Taiwan's export orders increased at a slower pace than anticipated in november, as weaker smartphone shipments countered the strong demand for artificial intelligence technology amidst sluggishness in China.
According to the economy ministry, export orders rose by 3.3 percent last month to $52.27 billion compared to the same time last year.
This growth fell short of the 6.3 percent increase predicted in a Reuters survey and the 4.9 percent rise seen in October, though it marked the ninth consecutive month of growth.
Orders for products from taiwan, the base for tech giants like chip manufacturer TSMC, serve as an indicator of global technology demand.
The ministry anticipates that the momentum in export orders will persist into next month, driven by high demand for advanced semiconductors and AI, as well as vendors prioritizing inventory before the Lunar New Year holiday, which occurs in late january 2025.
Nevertheless, this momentum could be hindered by factors like geopolitical tensions and disputes over technology between the US and china, the ministry added.
It projected that export orders for december would increase between 13 percent and 17.5 percent year-on-year.
In november, orders for telecommunications products in taiwan decreased by 2.3 percent year-on-year, while orders for electronic products rose by 7.2 percent during the same period.

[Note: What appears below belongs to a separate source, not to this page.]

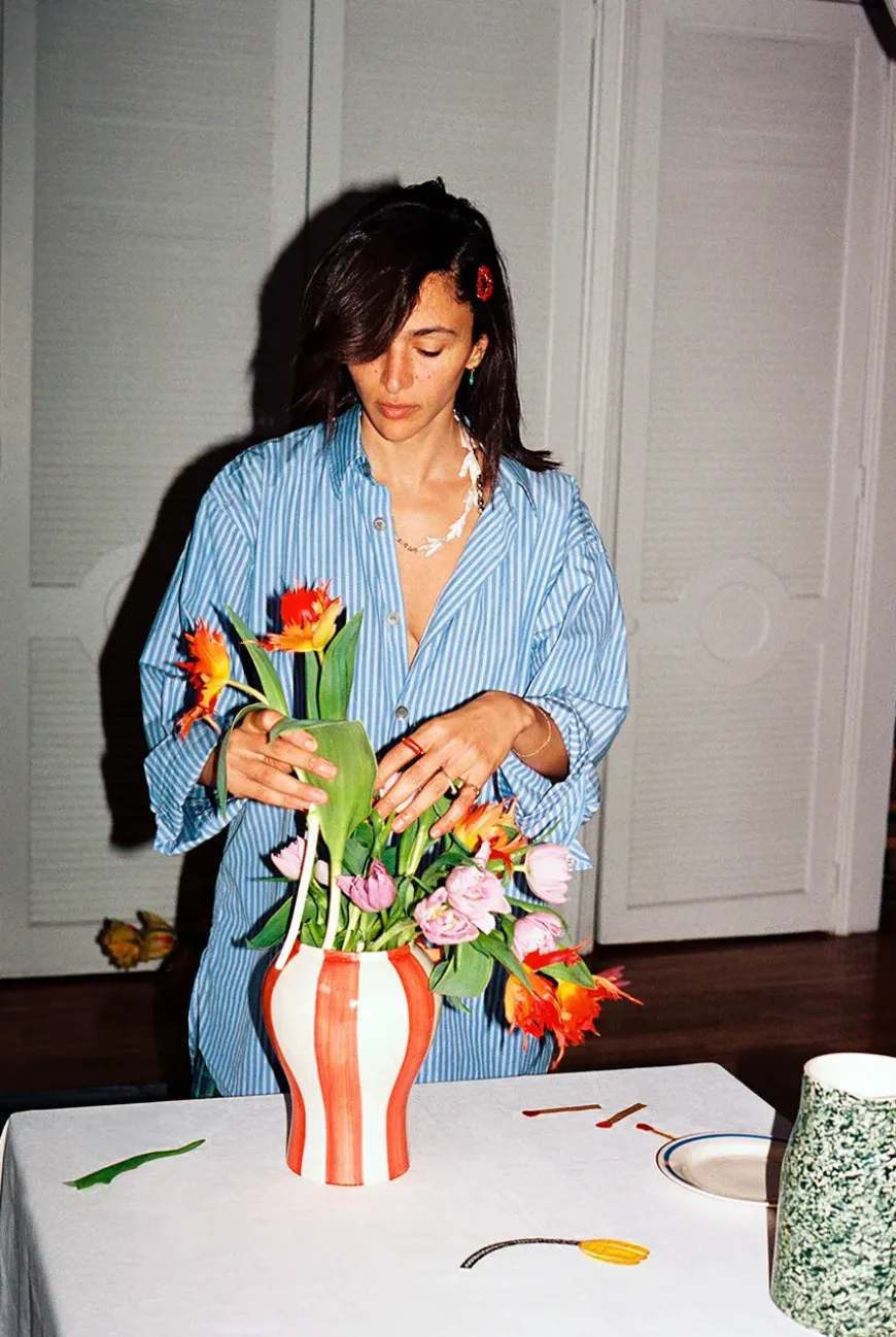 En del af et designsamarbejde mellem HAY og kunstneren Laila Gohar. Sobremesa Stripe Vase en dekorativ vase designet til at tilføje stemning til enhver borddækning. Håndmalet i stentøj med et farverigt stribet mønster, der giver hver kande en unik kvalitet. Fås i forskellige farver. Mål: Small: Ø: 19 cm, H: 22 cm Large: Ø: 19 cm, H: 25 cm

Overall, orders from china deteriorated, declining by 3.4 percent compared to a slight 0.1 percent drop the previous month.
Orders coming from the united states surged by 11.7 percent, although this was down from a 12.6 percent rise in October.
European orders fell by 7.9 percent in november after a 2.7 percent gain in October.
Orders from japan increased by 17.8 percent compared to a growth of 5.3 percent the month before.
Taishin Securities Investment analyst Kevin Wang noted that concerns among exporters about potential tariff increases from US President-elect donald trump, who will assume office on january 20, could stimulate strong export activity in December.
'Manufacturers are apprehensive regarding the forthcoming tariff policy and will likely expedite their exports,' he remarked.
Companies in taiwan, such as TSMC, the leading contract chipmaker globally, provide major supplies to tech giants like apple and Nvidia.
In november, exports to the united states grew by 10.6 percent year-on-year to $8.65 billion, though this was a decrease from October's 20.5 percent rise.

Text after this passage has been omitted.